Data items
____

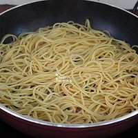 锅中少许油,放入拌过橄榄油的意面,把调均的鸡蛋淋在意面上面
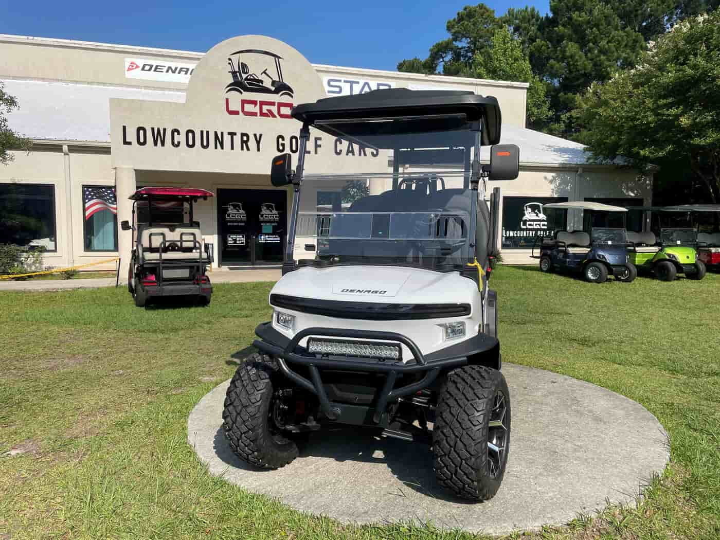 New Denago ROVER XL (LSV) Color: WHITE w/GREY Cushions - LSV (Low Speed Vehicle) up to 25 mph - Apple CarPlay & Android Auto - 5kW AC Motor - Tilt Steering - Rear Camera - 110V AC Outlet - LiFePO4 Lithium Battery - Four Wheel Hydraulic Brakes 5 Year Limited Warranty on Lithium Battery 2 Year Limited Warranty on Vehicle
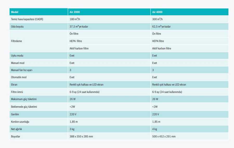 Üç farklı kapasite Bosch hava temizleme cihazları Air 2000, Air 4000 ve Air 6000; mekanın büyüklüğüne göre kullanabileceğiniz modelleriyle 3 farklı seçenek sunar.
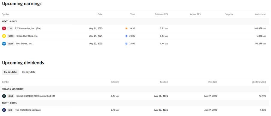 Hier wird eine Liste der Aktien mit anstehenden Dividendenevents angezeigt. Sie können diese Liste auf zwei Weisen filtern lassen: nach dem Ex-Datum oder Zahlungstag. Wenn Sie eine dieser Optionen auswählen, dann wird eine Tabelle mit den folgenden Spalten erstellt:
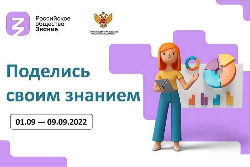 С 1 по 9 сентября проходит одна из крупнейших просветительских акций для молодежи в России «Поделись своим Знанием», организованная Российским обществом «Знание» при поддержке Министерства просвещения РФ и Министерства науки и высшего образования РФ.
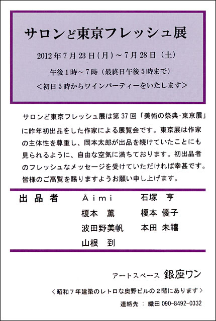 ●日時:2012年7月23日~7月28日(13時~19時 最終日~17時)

____

The task => Set the pictures aside and repeat only the lines from the one containing "С 1 по 9 сентября" through the last line of the entries above, exactly as they stand.

Task response =>
 С 1 по 9 сентября проходит одна из крупнейших просветительских акций для молодежи в России «Поделись своим Знанием», организованная Российским обществом «Знание» при поддержке Министерства просвещения РФ и Министерства науки и высшего образования РФ.
 ●日時:2012年7月23日~7月28日(13時~19時 最終日~17時)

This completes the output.